Speaking on Saturday at a rally in South Carolina, Mr Trump recalled how as president he told a Nato country that he would “encourage” Russia to do as it wishes in cases of Nato allies who are “delinquent.”
“You didn't pay? You're delinquent?”’ he recounted saying. “'No I would not protect you. In fact, I would encourage them to do whatever the hell they want. You gotta pay. You gotta pay your bills."'
Reacting to his comments, Nato Secretary-General Jens Stoltenberg said the 31 allies remained committed to defending each other.
"Nato remains ready and able to defend all allies. Any attack on Nato will be met with a united and forceful response,” he said.
“Any suggestion that allies will not defend each other undermines all of our security, including that of the US, and puts American and European soldiers at increased risk.”
Mr Stoltenberg added that he expects that, “regardless of who wins the presidential election, the US will remain a strong and committed Nato ally.”
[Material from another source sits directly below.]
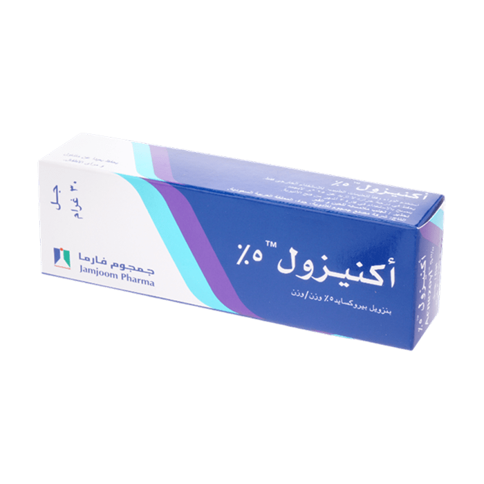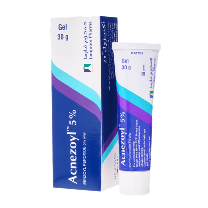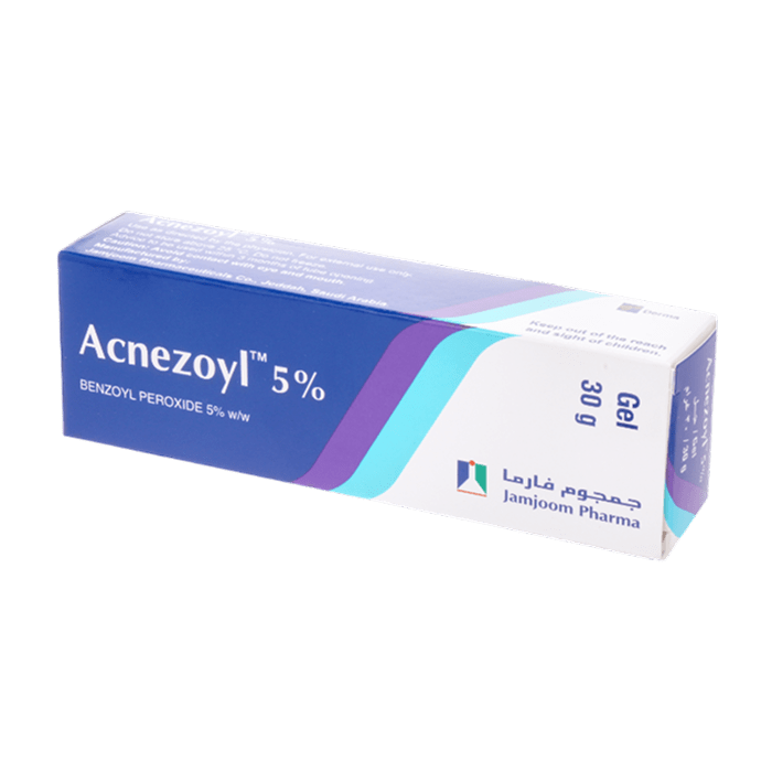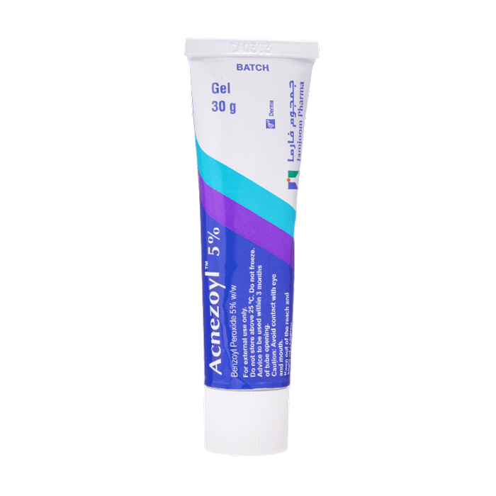 Benzoyl peroxide 5% w/w / This is an antibacterial and keratolytic agent used to treat acne (on face, chest, and back) by killing acne-causing bacteria and reducing clogged pores.

Mr Trump’s remarks will concern Nato countries in Europe threatened by Russian aggression, including Poland and Latvia.
During his presidency, Mr Trump threatened to not to come to the aid of any country under attack that he considered to not be spending enough on defence.
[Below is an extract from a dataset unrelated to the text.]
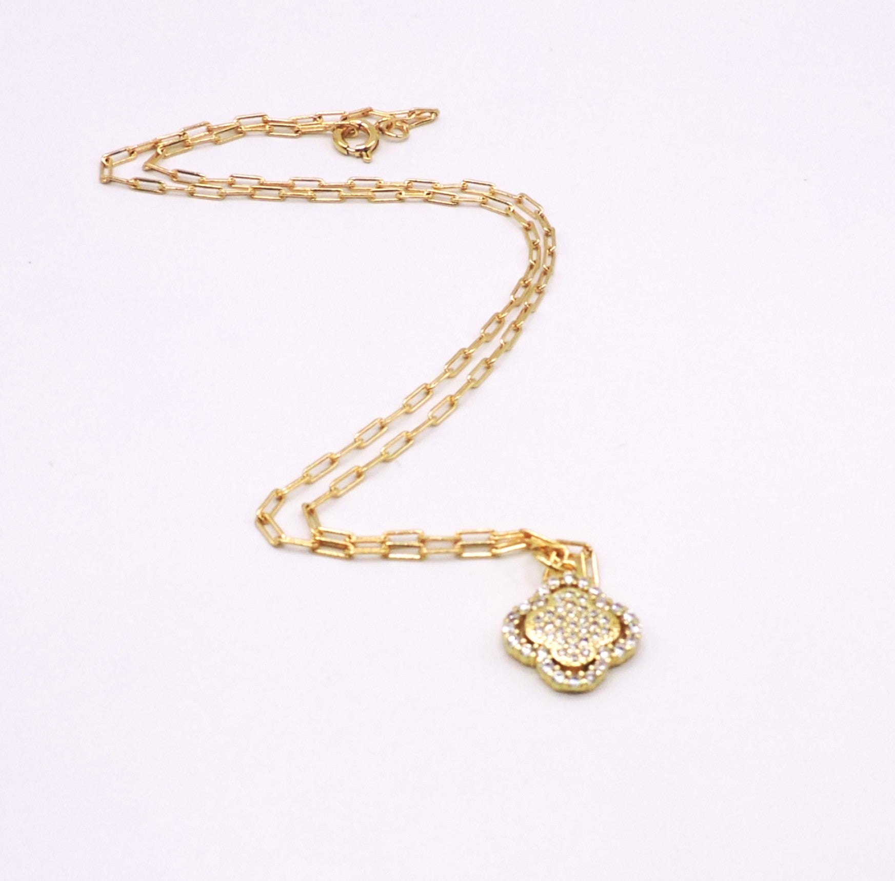 A delicate and symbolic jewelry piece, this chain features dainty clover motifs embellished with micropave-set stones, adding subtle sparkle. Crafted in gold-filled material, it combines durability with a luxurious finish. The clover symbolizes luck.

Under Nato’s mutual defence clause, called Article 5, all allies commit help of any member who comes under attack.
The White House described Mr Trump’s comments as “appalling and unhinged”.
“Encouraging invasions of our closest allies by murderous regimes endangers American national security, global stability and our economy at home," White House spokesperson Andrew Bates said in a statement on Saturday night.
"Rather than calling for wars and promoting deranged chaos, President Biden will continue to bolster American leadership and stand up for our national security interests - not against them."